Only these lines, please: the first one of the records through the one containing "Tiny white flowers", retyped exactly, both ends included and pictures omitted.

(Recorded information begins)

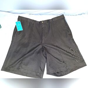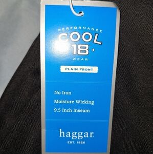This is a new with tags pair of Haggar men's shorts in a size 42W. Ideal for work or play. They are constructed with Performance Cool 18* wear material. They're plain front, no iron moisture wicking, 9.5" inseam.
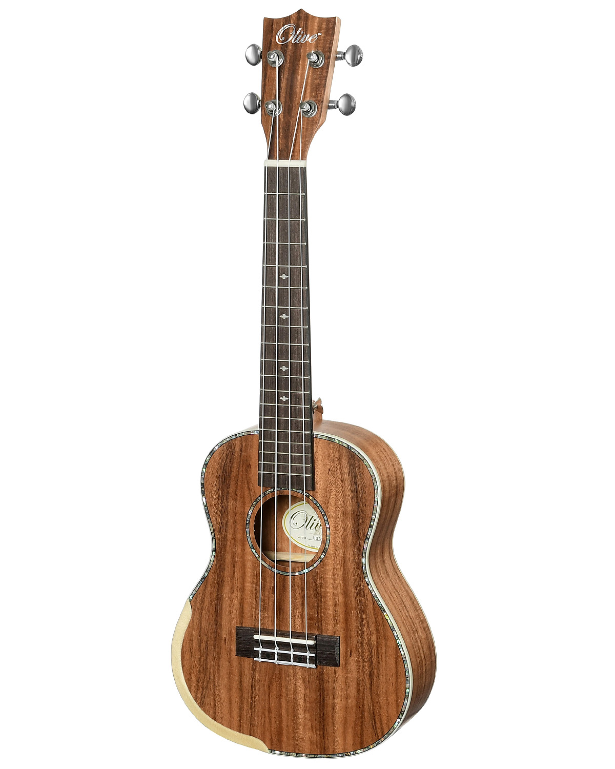 Укулеле концертная (гавайская гитара), фирменный утеплённый ЧЕХОЛ, верхняя. нижняя декаи обечайка – коа , гриф - окуме, накладка на гриф и струнодержатель - орех, розетка - инкрустация, колки - хром, закрытый механизм, отделка : кант инкрустация + КЛЁН. матовый лак
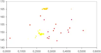 - groupe d'Himalia, resserré, dont les demi-grands axes sont de l'ordre de 11,86 ± 0,695 Gm et les inclinaisons de 27,5 ± 0,8° ; les excentricités varient de 0,11 à 0,25 ;
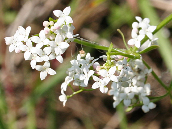 Tiny white flowers with yellow anthers; needle-like leaves are in rings of 6-8 round the stems
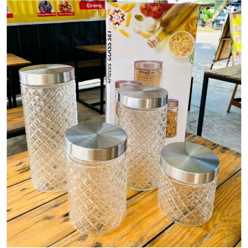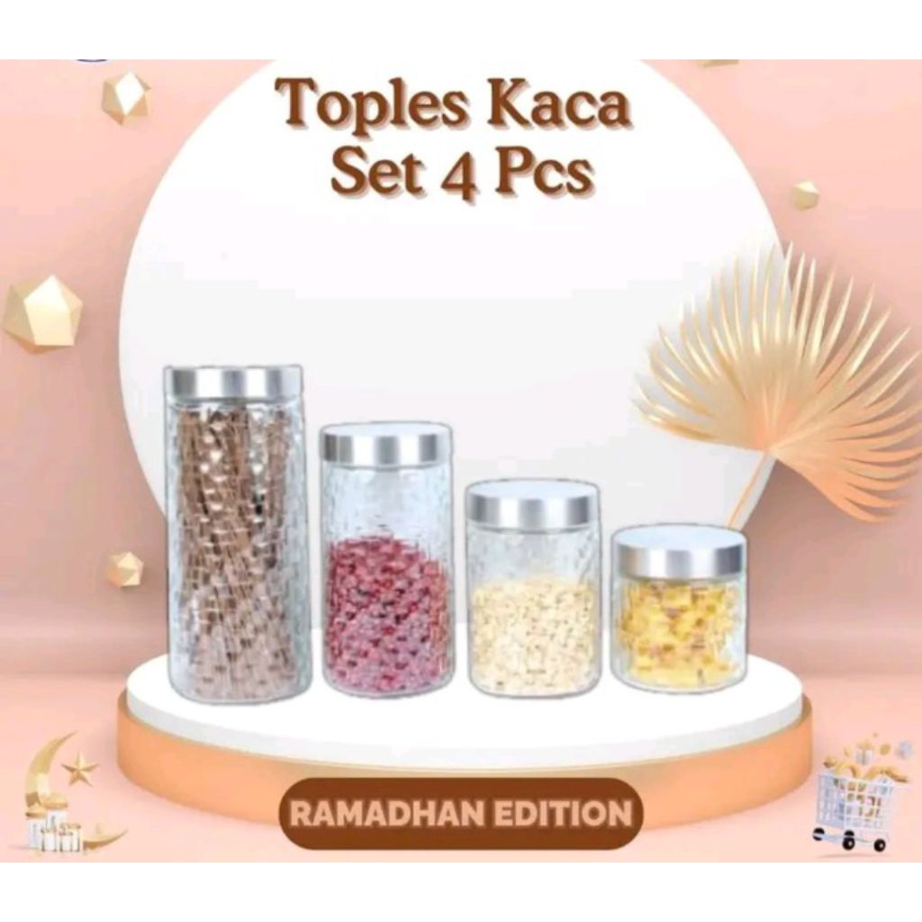 N5 Toples Kaca Set Isi 4Pcs Toples Kue Lebaran Toples Diamon Isi 4

(Recorded information ends)

**Written response:**
This is a new with tags pair of Haggar men's shorts in a size 42W. Ideal for work or play. They are constructed with Performance Cool 18* wear material. They're plain front, no iron moisture wicking, 9.5" inseam.
 Укулеле концертная (гавайская гитара), фирменный утеплённый ЧЕХОЛ, верхняя. нижняя декаи обечайка – коа , гриф - окуме, накладка на гриф и струнодержатель - орех, розетка - инкрустация, колки - хром, закрытый механизм, отделка : кант инкрустация + КЛЁН. матовый лак
 - groupe d'Himalia, resserré, dont les demi-grands axes sont de l'ordre de 11,86 ± 0,695 Gm et les inclinaisons de 27,5 ± 0,8° ; les excentricités varient de 0,11 à 0,25 ;
 Tiny white flowers with yellow anthers; needle-like leaves are in rings of 6-8 round the stems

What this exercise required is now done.